In compiler theory, an intrinsic function is a function available for use in a given programming language whose implementation is handled specially by the compiler. Typically, it substitutes a sequence of automatically generated instructions for the original function call, similar to an inline function. Unlike an inline function though, the compiler has an intimate knowledge of the intrinsic function and can therefore better integrate it and optimize it for the situation. This is also called builtin function in many languages.

Compilers that implement intrinsic functions generally enable them only when the user has requested optimization, falling back to a default implementation provided by the language runtime environment otherwise.

Intrinsic functions are often used to explicitly implement vectorization and parallelization in languages which do not address such constructs. Altivec and OpenMP are examples of APIs which use intrinsic functions to declare, respectively, vectorizable and multiprocessor-aware operations during compilation. The compiler parses the intrinsic functions and converts them into vector math or multiprocessing object code appropriate for the target platform.

C and C++[edit]

Microsoft[1] and Intel's C/C++ compilers as well as GCC[2] implement intrinsics that map directly to the x86 SIMD instructions (MMX, SSE, SSE2, SSE3, SSSE3, SSE4). The Visual C++ compiler of Microsoft Visual Studio does not support inline assembler for X86-64.[3][4][5][6] To compensate for the lack of inline assembly, new intrinsics have been added that map to standard assembly instructions that are not normally accessible through C/C++ (e.g.: bit scan).

Some C/C++ compilers provide non-portable platform-specific intrinsics.

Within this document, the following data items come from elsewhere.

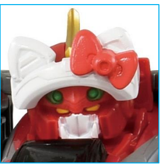
Upper: Headgear (SHINKALION HELLO KITTY spec) Lower: example of putting the Headgear (SHINKALION E6 Komachi)

(*) Among E5 / E6 / E7 / E3 / N700A / H5 / 800 / Black / E3 Iron Wing / Black Kurenai / 923DY / ALFA-X of Deluxe Shinkalion Series, the first car of one model is used. (Some models are no longer produced.)
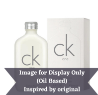
CK-One (Unisex) (Inspired by)
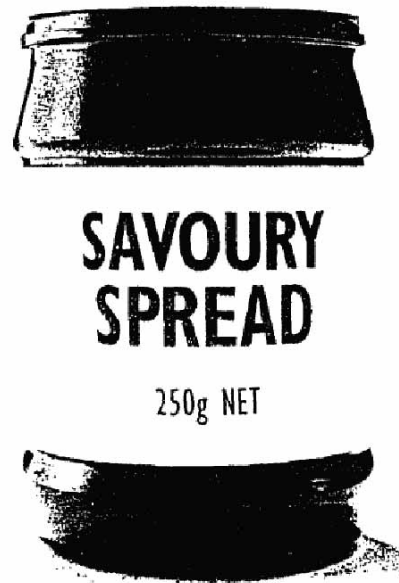
Figure 8 Tobacco industry slippery slope arguments against plain packaging
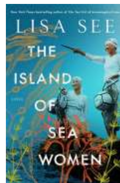
AAUW WM-FV-HB BRANCH

Authors Luncheon , March 21 was, unfortunately canceled.
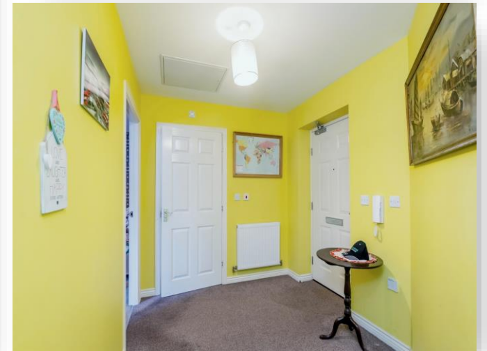
Huron Court Gravits Lane,BOGNOR REGIS PO21 5LT
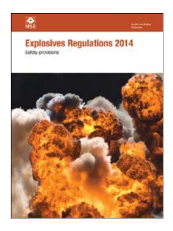
L150 Published 2014

This publication is for anyone who has duties under the safety provisions of the Explosives Regulations 2014 (ER2014) (SI 2014/1638).
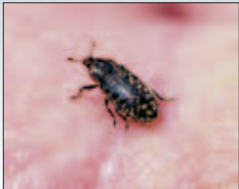
Fig. 12 Rhinocyllus conicus adult (musk thistle seed weevil)
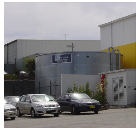
Figure 7.7.1 - An example of liquid storage tank.
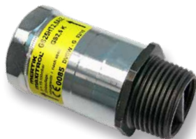
SENTRY GS with a thermally activated shut-off device
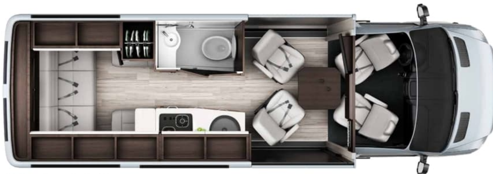
FS22TE Free Spirit TE
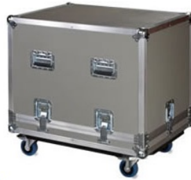
MIL SPEC Transport Case
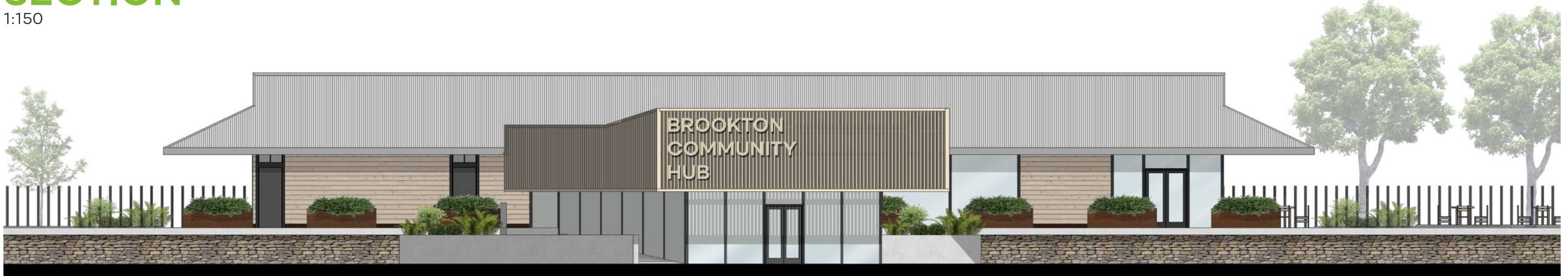
EAST ELEVATION 1:150
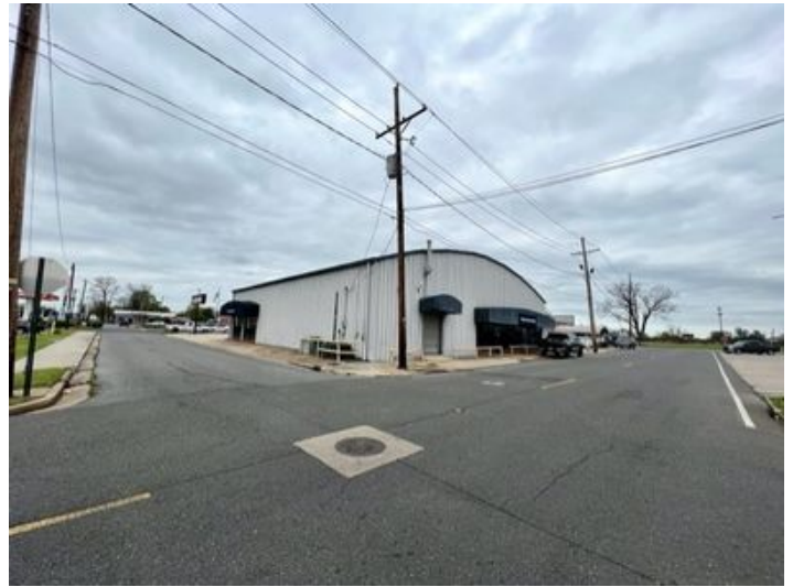
Rear Corner Cotton St/Mill St

Other intrinsics (such as GNU built-ins) are slightly more abstracted, approximating the capabilities of several contemporary platforms, with portable "fall back" implementations on platforms without the appropriate instructions. It is common for C++ libraries, such as glm or Sony's vector maths libraries,[7] to achieve portability via conditional compilation (based on platform specific compiler flags), providing fully portable high-level primitives (e.g. a four-element floating-point vector type) mapped onto the appropriate low-level implementations, while still benefiting from the C++ type system and inlining (hence the advantage over linking to hand-written assembly object files, using the C ABI).


The HotSpot JVM's just-in-time compiler also has intrinsics for specific Java APIs.[8] Hotspot intrinsics are standard Java APIs which may have an optimized implementations on some platforms.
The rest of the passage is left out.